Question
Given a collection of numbers, return all possible permutations.
For example,
[1,2,3] have the following permutations:
[1,2,3], [1,3,2], [2,1,3], [2,3,1], [3,1,2], and [3,2,1].
Stats
| Frequency | 4 |
| Difficulty | 3 |
| Adjusted Difficulty | 4 |
| Time to use | -------- |
Ratings/Color = 1(white) 2(lime) 3(yellow) 4/5(red)
Solution
This is a very classic question.
One solution is to recursively push elements into a list, until all elements are pushed. Make use of a ‘visited’ array.
Another solution is using 2 nested for-loops to keep adding next elements. Read this post:
Loop through the array, in each iteration, a new number is added to different locations of results of previous iteration. Start from an empty List.
Keep in mind: this type of permutation questions always requires insert/delete before/after a recursion.

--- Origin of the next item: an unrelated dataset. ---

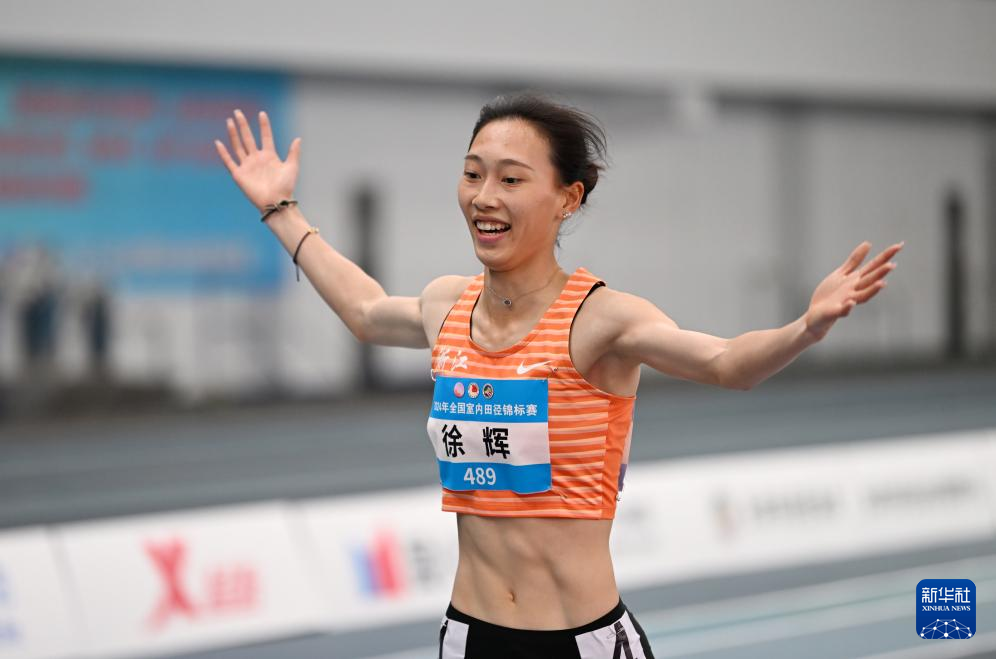 3月31日,浙江队选手徐辉在女子3000米比赛后庆祝。她以9分14秒06的成绩获得冠军。新华社记者 李然 摄

In case you are interested, there is a third solution, swap element method. It is also explained in the same post:
Swap each element with each element after it.
My code
Adding elements one by one (recommended)
public class Solution {
public List<List<Integer>> permute(int[] num) {
List<List<Integer>> ans = new ArrayList<List<Integer>>();
if (num == null || num.length == 0) {
return ans;
}
int len = num.length;
Arrays.sort(num);
helper(ans, new ArrayList<Integer>(), num, len, new boolean[len]);
return ans;
}
private void helper(List<List<Integer>> ans, List<Integer> path, int[] num, int len, boolean[] visited) {
if (path.size() == len) {
ans.add(new ArrayList<Integer>(path));
return;
}
for (int i = 0; i < len; i++) {
if (!visited[i]) {
path.add(num[i]);
visited[i] = true;
helper(ans, path, num, len, visited);
path.remove(path.size() - 1);
visited[i] = false;
}
}
}
}
The double nested for-loop method
public class Solution {
public ArrayList<ArrayList<Integer>> permute(int[] num) {
ArrayList<ArrayList<Integer>> result = new ArrayList<ArrayList<Integer>>();
//start from an empty list
result.add(new ArrayList<Integer>());
for (int i = 0; i < num.length; i++) {
//list of list in current iteration of the array num
ArrayList<ArrayList<Integer>> current = new ArrayList<ArrayList<Integer>>();
for (ArrayList<Integer> l : result) {
// # of locations to insert is largest index + 1
for (int j = 0; j < l.size()+1; j++) {
// + add num[i] to different locations
l.add(j, num[i]);
ArrayList<Integer> temp = new ArrayList<Integer>(l);
current.add(temp);
l.remove(j);
}
}
result = new ArrayList<ArrayList<Integer>>(current);
}
return result;
}
}
The swap element method
public class Solution {
public ArrayList<ArrayList<Integer>> permute(int[] num) {
ArrayList<ArrayList<Integer>> result = new ArrayList<ArrayList<Integer>>();
permute(num, 0, result);
return result;
}
void permute(int[] num, int start, ArrayList<ArrayList<Integer>> result) {
if (start >= num.length) {
ArrayList<Integer> item = convertArrayToList(num);
result.add(item);
}
for (int j = start; j <= num.length - 1; j++) {
swap(num, start, j);
permute(num, start + 1, result);
swap(num, start, j);
}
}
private ArrayList<Integer> convertArrayToList(int[] num) {
ArrayList<Integer> item = new ArrayList<Integer>();
for (int h = 0; h < num.length; h++) {
item.add(num[h]);
}
return item;
}
private void swap(int[] a, int i, int j) {
int temp = a[i];
a[i] = a[j];
a[j] = temp;
}
}